I still return to the Collins pocket guide as the place where I record every plant that I have seen in Britain. I don’t know why: it is a ritual I do not question, rather like the Anglican litany of my schooldays. The last addition I made, in 2018, was smooth rupturewort found on a heath in Suffolk, a modest, tiny, and uncommon herb growing over bare soil. It really deserved its mark in the precious old book. At some deep and irrational level I must believe that as long as I keep ticking off more plants in the Collins book I shall live for ever. I cannot possibly leave this world until they are all recorded; it is a metaphysical certainty. My tradition of recording goes back to a time before I used scientific names for animals, plants and fungi, so I remember the vast majority of my flowering plants by their old English name – or I should say names, as many of them have a plethora of local tags, as Geoffrey Grigson and Richard Mabey have exhaustively recorded. The charm of wildflower names is often only a short step away from poetry: pellitory-of-the-wall, wood goldilocks, frosted orache, ploughman’s spikenard, venus’s looking glass. They sound like ingredients for a magic potion. I attempted to teach my children some of these old names, but met a certain resistance. They felt country walks were in danger of becoming more like memory tests. ‘Moschatel,’ I would intone holding up a very small greenish herb. ‘Can’t you see it looks just like a town hall clock?’ Nobody seemed to disagree. My son found a way out by always giving the same answer. When I held up red campion and asked him to identify it he would reply ‘cragwort’; if I displayed henbit dead nettle that was ‘cragwort’, too; likewise lesser stitchwort. I almost wish there really was a plant called cragwort so that there would have been a theoretical possibility of one of the children arriving at the right answer. But of the many worts, none is craggy.

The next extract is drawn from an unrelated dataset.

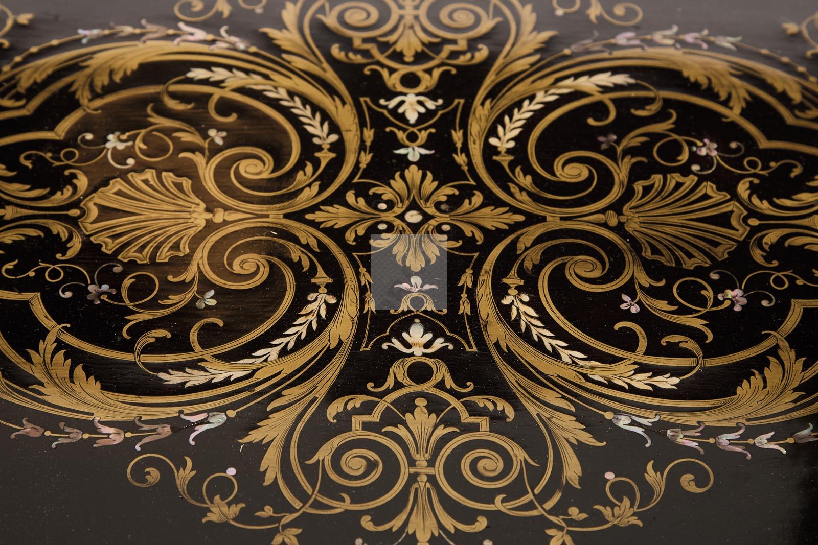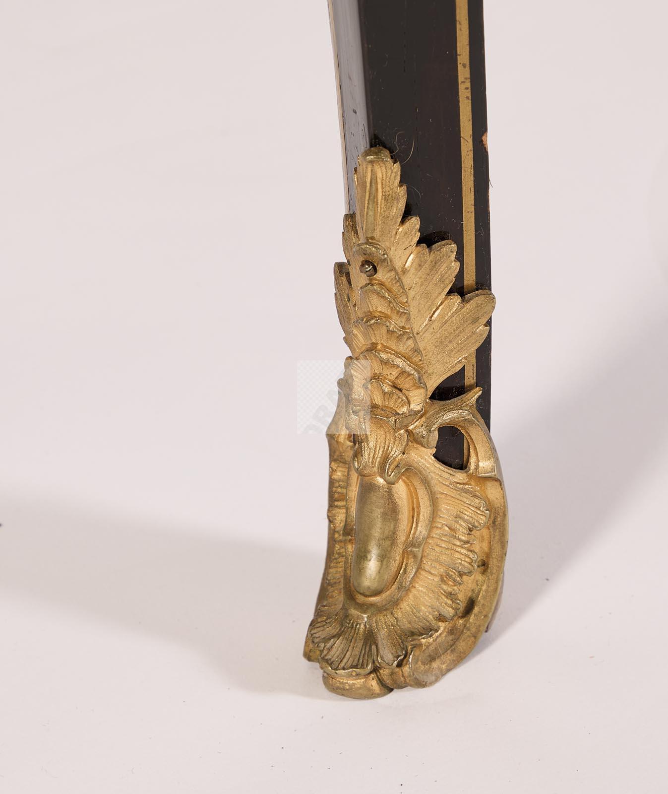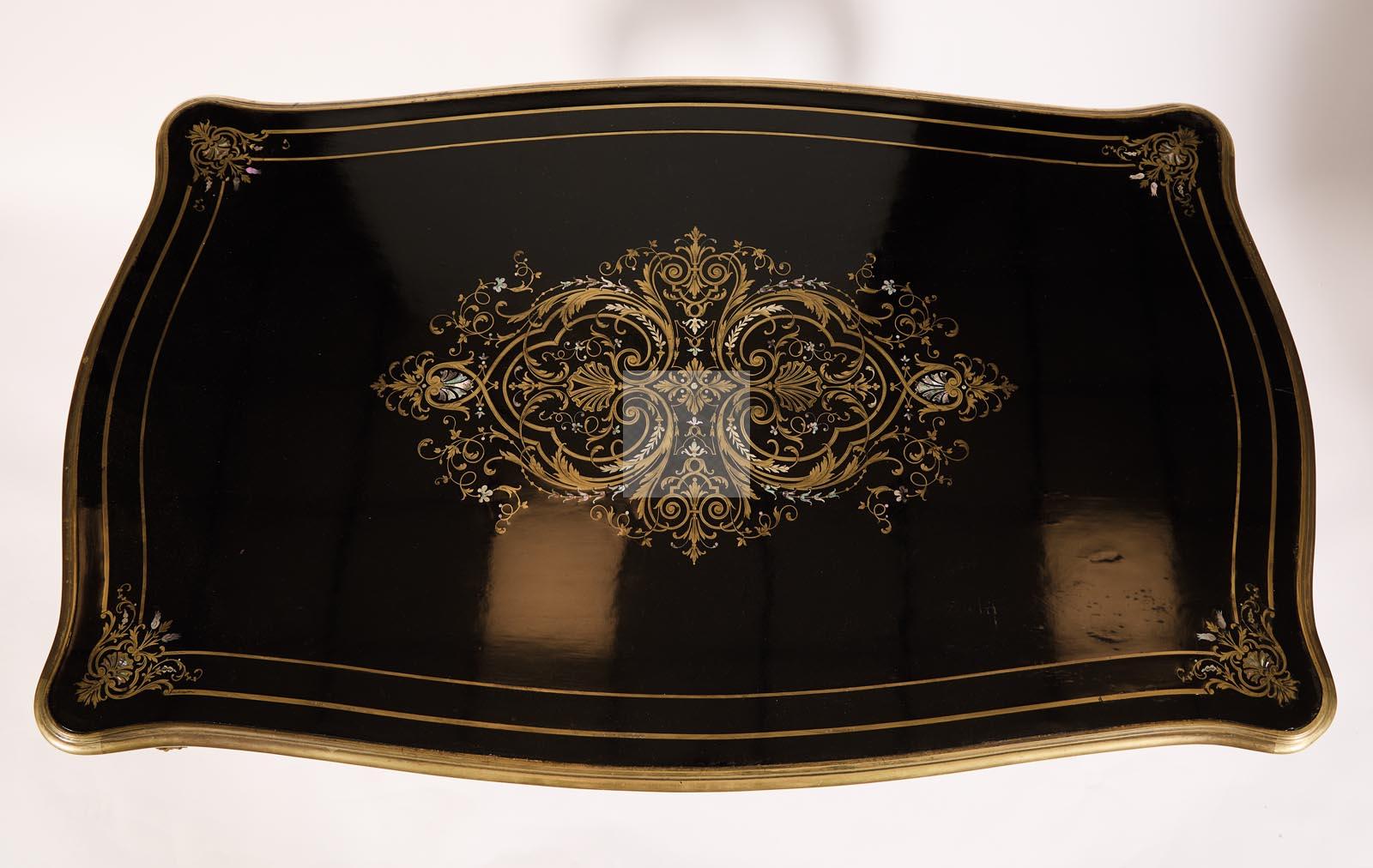 498 Bureau plat de forme mouvementée en bois noirci ouvrant par un tiroir latéral. Ceinture et plateau à lingotière décorés de marqueteries Boulle en laiton et burgeau. Repose sur quatre pieds cambrés ornés de bronzes dorés rocailles.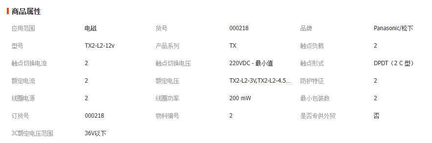 全新原装Panasonic/松下电磁继电器TX2-L2-3V 4.5V 5V 12V 10脚2A 1PCS

One of the first plants I ticked off in the book was cuckoo flower – also called lady’s smock (Cardamine pratense). I allow it to grow in the rougher parts of my garden where its very pale pink flowers emerge in small clusters from among coarse grasses, displaying a surprising delicacy among their rank neighbours. Its common name says that the flowers should arrive at the same time as the cuckoo. The annual migration of this avian parasite from southern climes was once routine: as a boy I used to hear cuckoos even in Ealing W5. In 2019 I have waited in vain for the bird to be reunited with its flower: but there is no cuckoo within hearing distance of my small country town, despite the well-wooded hills nearby. The cuckoo population has declined by 80% since I started recording plants in my Collins guide, and research published in 2018 relates this sad loss particularly to adverse conditions along one of two migration routes back to Africa. There is not enough food to sustain the birds on their long journey, and a familiar inventory of causes has been trotted out, yet again, with climate change and unhelpful farming practices top of the list. The arrival of the cuckoo now largely resides as a memory in the name of its charming flower. I dread having to explain what a cuckoo once was to my grandchildren, as if it were archaeopteryx. Perhaps I should try to forget the old common name. It is much less upsetting to explain a lady’s smock.
British wildflowers have a particular place in my story, as they were the basis of my first scientific paper. As the Cambridge entrance examinations began to loom on the horizon, it was suggested at school that I should try to win a Trevelyan Scholarship. A thesis had to be submitted in support of the application for the scholarship, which offered generous support during the undergraduate years. I decided to work on a project to survey the wildflowers of the chalk downland and adjacent areas along the Berkshire Downs, running from Inkpen Beacon to Shalbourne Hill. This was my local patch around Forge Cottage, and whenever I was at home I went out on the hunt. Intense concentration on the search was balm, or at least distraction, from the events that had shaken my life. I was out in all weathers, sometimes hunched against a strong wind, my eyes scanning the short turf for plants of particular interest. ‘Sharp sight’ is a curious phrase, but it does convey that the eye spears the sought object, pins it down. In our physics classes the rays that impinged on the retina were always shown as tracks entering the eye from a distance, coming the other way, but the sharp eye reversed the process – the eye did the catching. I thought of a photograph I had seen in Arthur Mee’s encyclopedia of an Amazonian native spearing a fish from a dugout. The eye lances the treasure. The hunter can only think of the hunt, no time for morbid thoughts, or self-doubt.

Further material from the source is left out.